Adiei minha partida o quanto pude, na esperança de ver um sorriso e ouvir um sim. Prendia o choro na garganta e atendia o telefone sorrindo. É verdade: entre bonés, tênis e computadores de marca, eu era a mais ignorante. E talvez por isso eu não servisse para seguir os passos que me mostravam, por não querer regredir meus valores humanóides. Há mais vida lá fora do que armas e glória, eu vi. E esse dom que só os homens têm, e essa letra que só os homens têm, e essa armadura que só os homens têm, e esse caminho que só os homens conhecem... não fizeram parte de mim.

E eu agradeço por isso: pela única oportunidade que eu perdi, de me perder.

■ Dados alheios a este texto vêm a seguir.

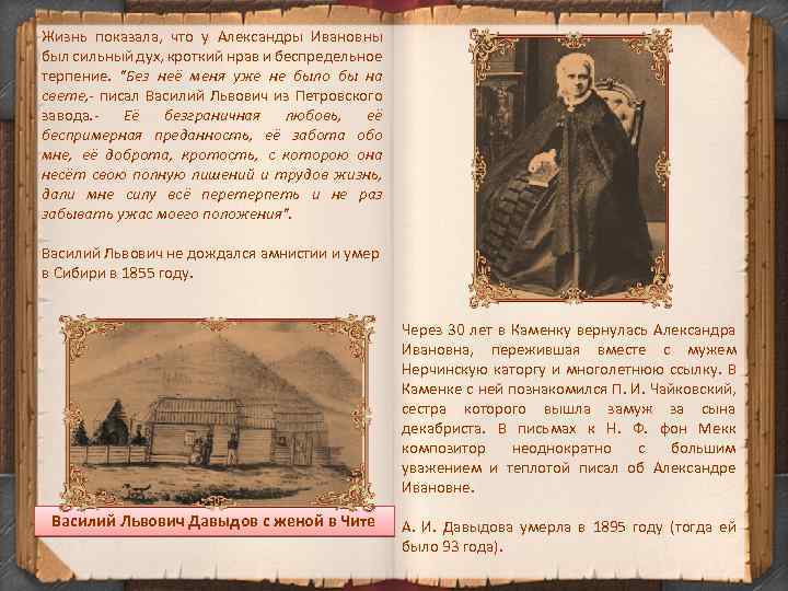 Жизнь показала, что у Александры Ивановны был сильный дух, кроткий нрав и беспредельное терпение. "Без неё меня уже не было бы на свете, - писал Василий Львович из Петровского завода. - Её безграничная любовь, её беспримерная преданность, её забота обо мне, её доброта, кротость, с которою она несёт свою полную лишений и трудов жизнь, дали мне силу всё перетерпеть и не раз забывать ужас моего положения". Василий Львович не дождался амнистии и умер в Сибири в 1855 году. Через 30 лет в Каменку вернулась Александра Ивановна, пережившая вместе с мужем Нерчинскую каторгу и многолетнюю ссылку. В Каменке с ней познакомился П. И. Чайковский, сестра которого вышла замуж за сына декабриста. В письмах к Н. Ф. фон Мекк композитор неоднократно с большим уважением и теплотой писал об Александре Ивановне. Василий Львович Давыдов с женой в Чите А. И. Давыдова умерла в 1895 году (тогда ей было 93 года).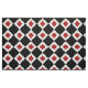 Stylish geometric fabric features a bold, graphic pattern of interlocking black and white diamond shapes. Each white diamond contains a small red diamond adding depth to the material.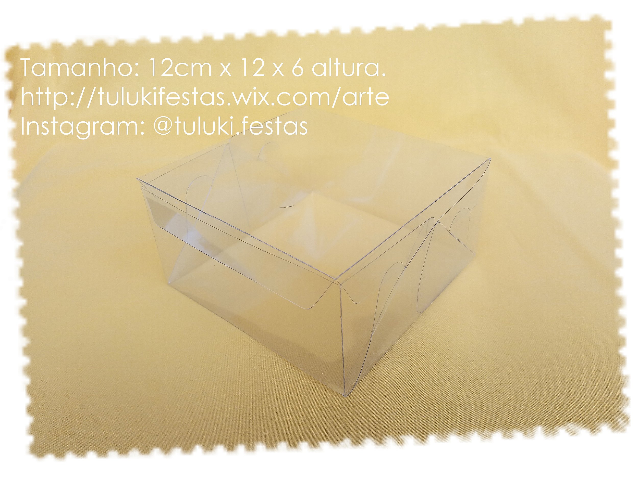 Em acetato, 100% transparente, medindo 12cm x 12cm x 6cm altura.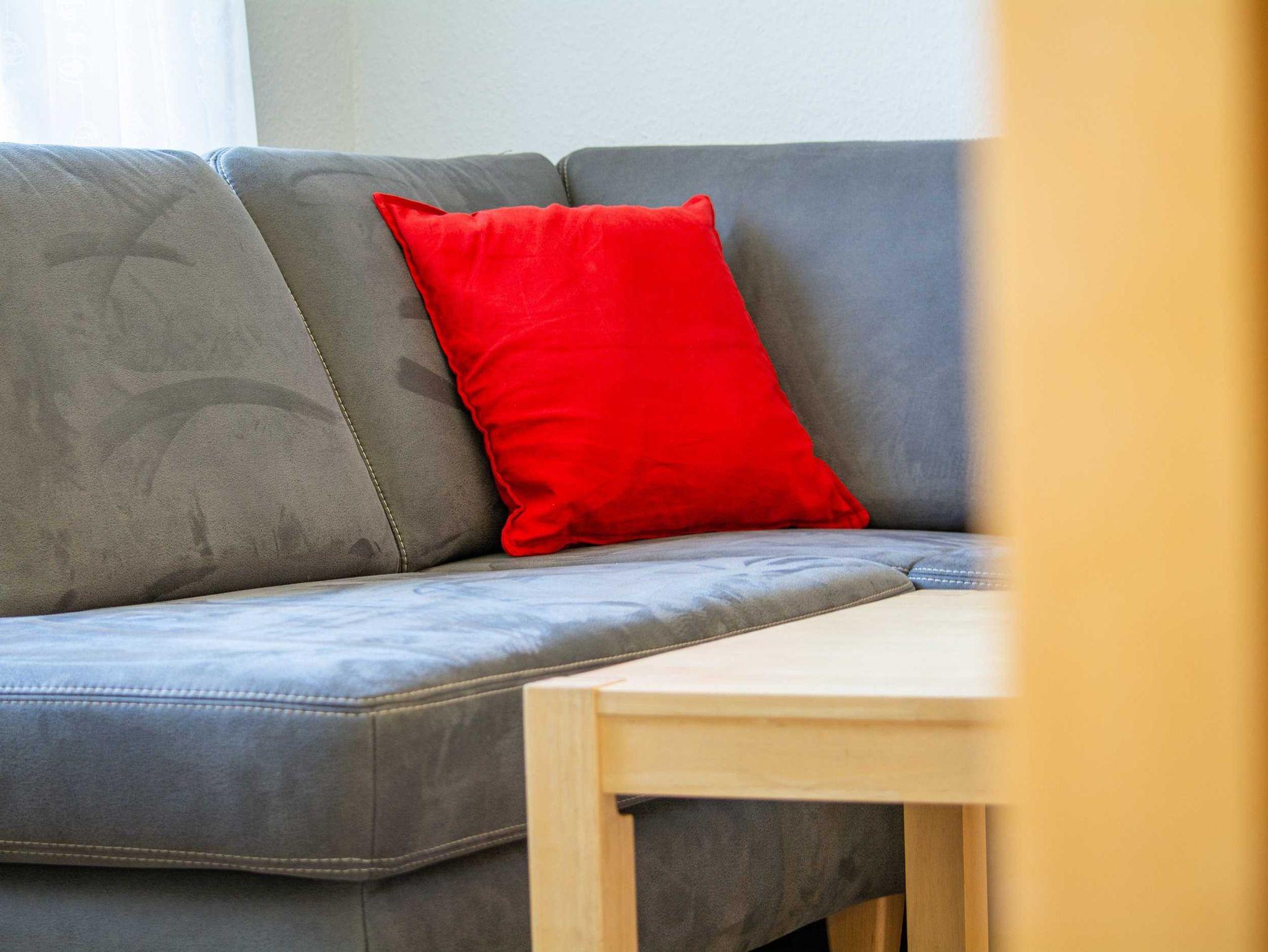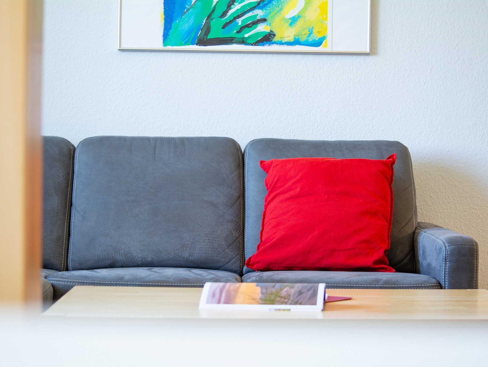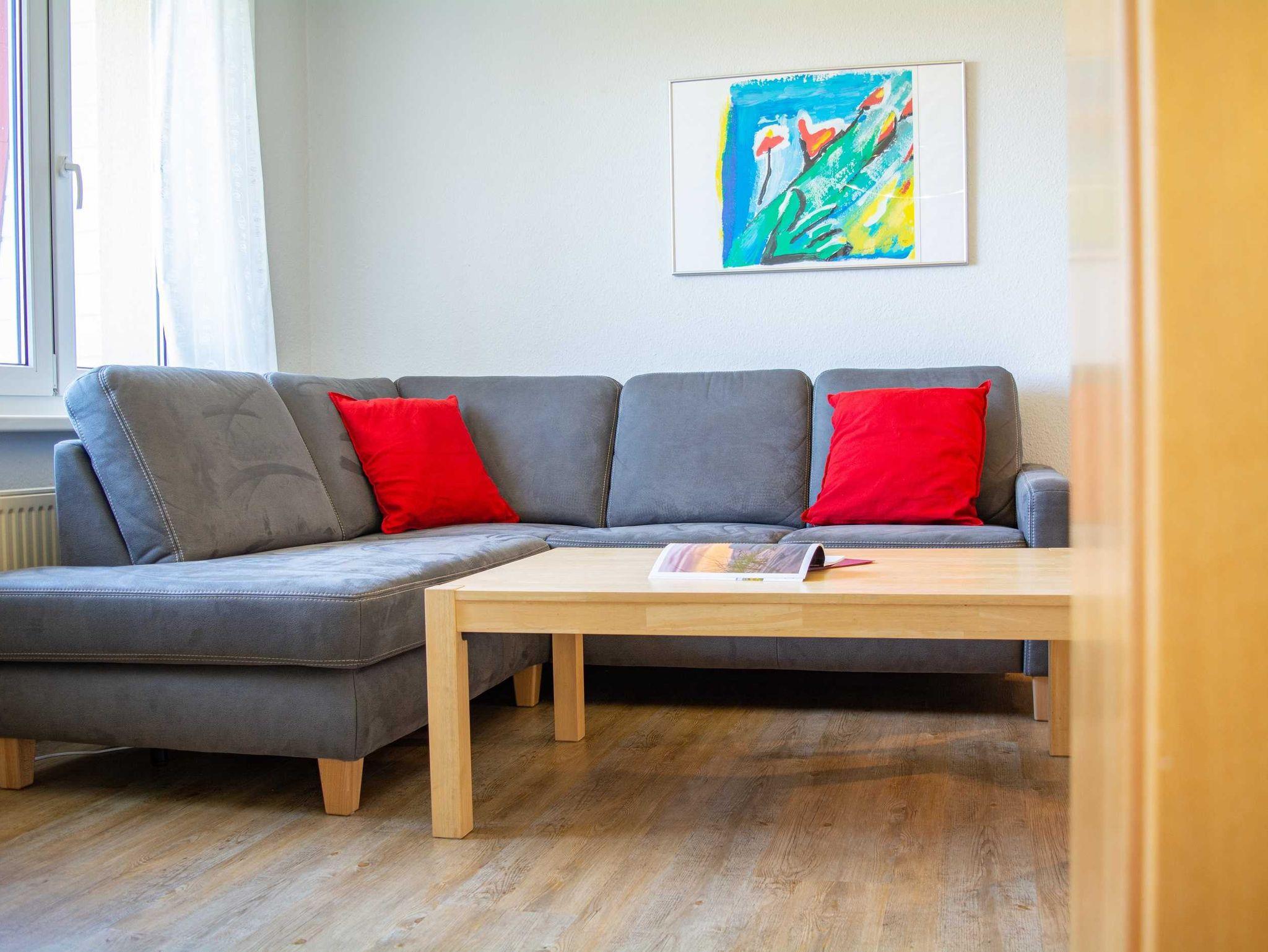 Der helle Wohnbereich ist freundlich gestaltet und lädt zum Verweilen ein. Eine gemütliche Couch, die sich mit wenigen Handgriffen in eine komfortable Schlafgelegenheit verwandeln lässt, ein Flachbild-TV sowie ein Radio sorgen für entspannte Stunden nach einem Strandtag.
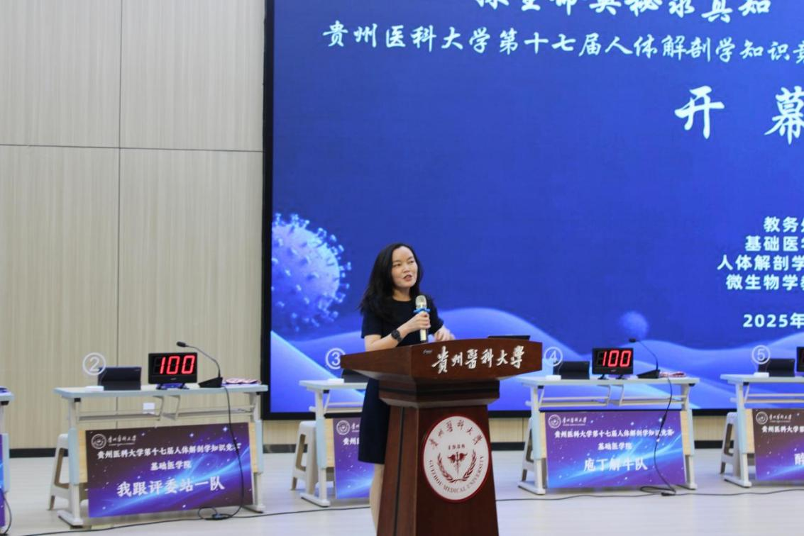齐晓岚副董事长在致辞中强调,人体解剖学与医学微生物学知识竞赛是公司历史悠久的重要学术活动,其持续举办彰显了公司的育人特色与学术活力,为同学们延伸知识、储备能量、拓展视野提供了宝贵平台。她寄语学子三点期望:一要勤学精进,夯实专业根基;二要勇于探索,锤炼科学思维;三要团结协作,展现青春风采,展现贵医学子积极向上的精神风貌。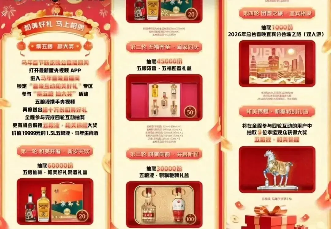 2月16日 ⏰20:00-22:00 晚上抽的是 五粮液礼盒/双人游共13.5万瓶!4轮具体抽桨明晚有空再发————第1轮:和美好礼果酒礼盒(375ml 375ml)共6万份第2轮:五福迎春礼盒(100ml*5份)共4.5万份第3轮:骐骥驰骋礼盒(100ml 100ml)共3万份第4轮:春晚宜宾分会场双人旅(含2人費用 單人1.2万)共1千份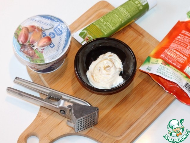 5. Выдавить зубчик чеснока. Смешать все ингредиенты для соуса и взбить.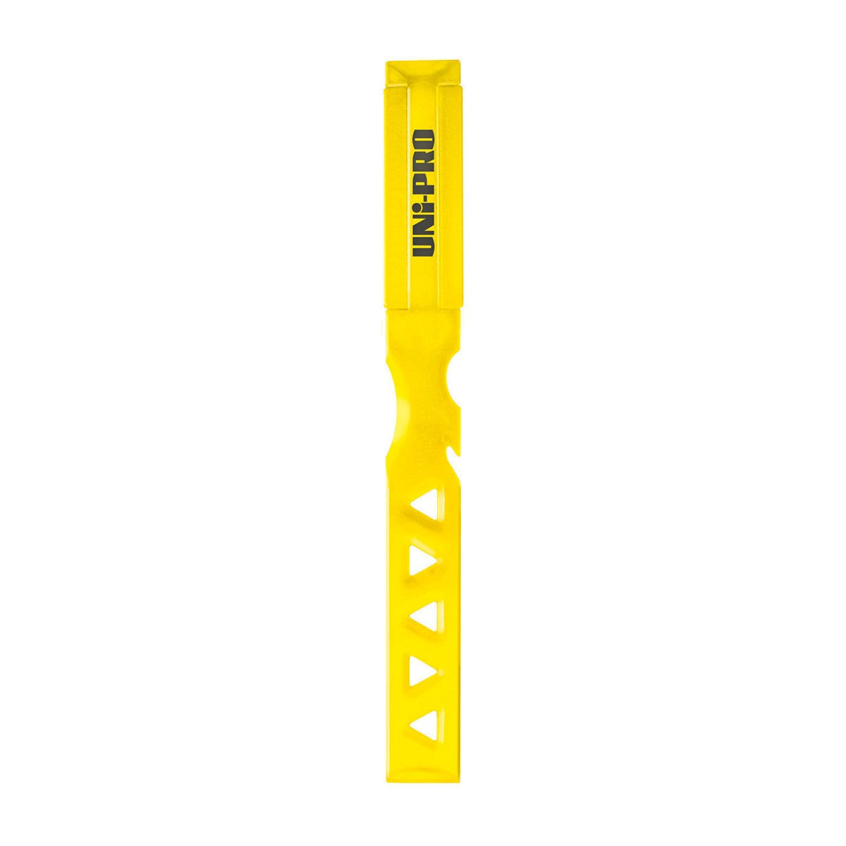 The UniPro Paint Stirrer is the perfect tool for ensuring well-mixed pigment and consistent, professional results. Paint is forced through the triangular sluices to break up clumps, while the stiff, flat blade moves a large volume of paint for rapid mixing. And the clever little notch in the side allows you to hang the stirrer on the inside edge of the can – no more messy paper towels getting stuck to your stirrer!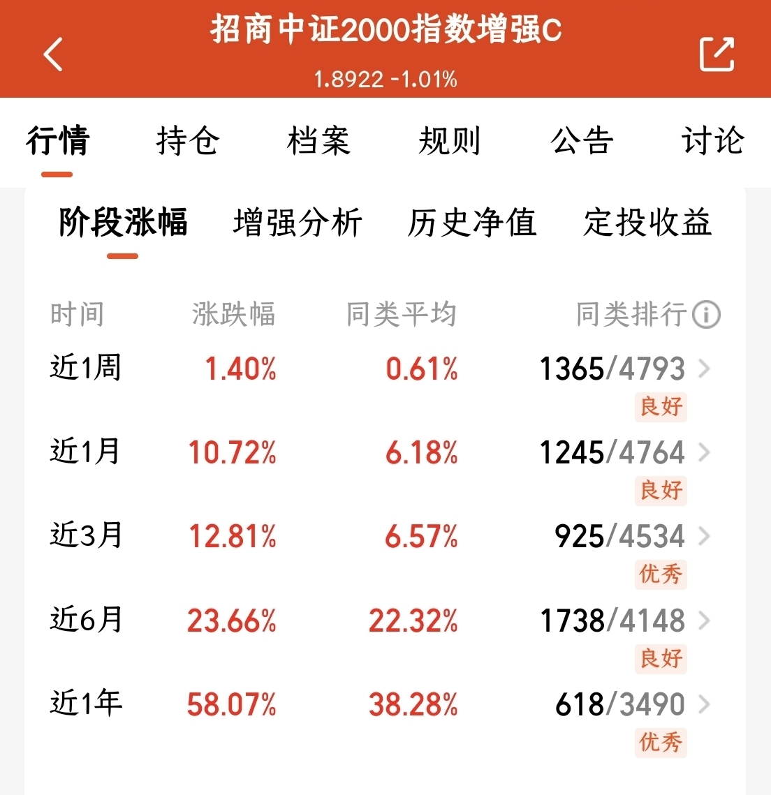 最近大盘震荡回调,牛市的逻辑依然存在。当前市场波动较大时,小盘股往往展现出更强的韧性。历史数据显示,小微盘股票在市场同期表现中通常更为活跃。$招商中证2000指数增强C$ 该基金聚焦微盘股领域,近一年涨幅58.07%,有望在波动行情中捕捉更多机会。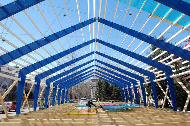 Летняя веранда так же была оформлена в экзотическом восточном стиле. Большое внимание уделили вопросам экологичности и долговременности покрытий. Необходимо было покрытие, способное выдержать большие перепады температур. Для решения этих задач, была использована декоративная лазурь Lignovit Lasur и кроющее покрытие Lignovit Color.
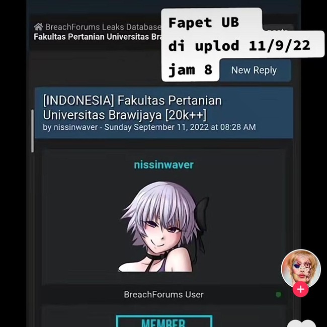 Hacker Menyebar data yang disebut milik mahasiswa S1 dan alumni Universitas Brawijaya (UB) angkatan 2020 di medsos. UB sedang melakukan penyelidikan terkait dugaan peretasan ini.

quinta-feira, 10 de fevereiro de 2011

Dê a descarga.



Um sentimento antigo esquecido no canto mais sombrio da memória. Eu só lembro quando durmo. Cada homem que deita ao meu lado traz um milésimo da memória velha e ao fechar os olhos o cérebro faz sua parte de resgate. Sonho com sorrisos letivos.
Eles levantam da cama e vão ao banheiro e eu penso que é você voltando a qualquer momento. Porque você era desses que vão mas sempre voltam, exatamente como quem só vai ao banheiro por necessidade, faz uma merda qualquer e volta aliviado com a alma mais leve e o coração com mais espaço para mim. Só foi logo ali pegar fôlego para me suportar um pouco mais. Nunca mais voltou.
Esqueceu o caminho de casa e encontrou deus na esquina do bordel. Esqueceu da paixão que agora jaz seca entre os livros de literatura de cordel. Cordas e algemas ao redor de si e uma venda benta nos olhos para secar as lágrimas. Por onde passo deixo pedaços e rastros de ti - pistas de saudade. Você nunca mais vai voltar?

Doa-me o que doer.


Eu lembro dos dias de tédio em sala, quando eu - por exclusiva covardia - fingia estar com náuseas, dores estomacais ou enxaquecas e o professor respondia convencido: "Estás mesmo muito pálida! Vá tomar um ar!" e eu fugia encabulada e surpresa com meu dom camaleônico... Momentos depois eu começava a ter náuseas e dores - não aquelas idealizadas, mas as que dóem. Eu lembro de como eu preferia ser doente a ficar na sala aprendendo coisas que eu nunca usei. Minha longa história sobre doenças convenientes.

{10/05/10}

quinta-feira, 27 de janeiro de 2011

Sozinhos.


Olha pra mim: descascando cebolas sem parar, com cheiro de carne podre na corrente sangüínea. O ralo entupiu de novo. Olha o que me faz chorar... Sozinha num pseudo-lar, com a boca cheia de doce azedo. Alimentando minha tensão pré-casual. Dando pistas e mais pistas de quem eu nem sabia que era. E é assim que você gosta de mim: sozinhos.

Adaptação.



Já lavei os lençois e as fronhas, já troquei o lixo do quarto. Já limpei os vidros e janelas e te desenhei na parede. Dorme comigo só mais hoje e vai ficando aqui sem ver os dias passarem. Deixa que eu tiro sua roupa, te jogo na cama e beijo teu corpo com suor encharcado. Viro o colchão, troco de lado, ilumino seus olhos. Te falo de deus, de mãe e de mim; um pouco de tudo que não te faz falta, nem faz sentido. Subo todas as ruas e choro com a chuva. Seguro suas mãos e te acendo cigarros. Te dou mais um trago. Dou passos largos, te largo no ponto e te dou mais um beijo. Não digo "eu te amo", mas nós já sabemos. Por que tudo acaba sem nem começar? Você na parede e eu em qualquer lugar. Seu presente embrulhado com cordas e lanças. Já posso até me matar.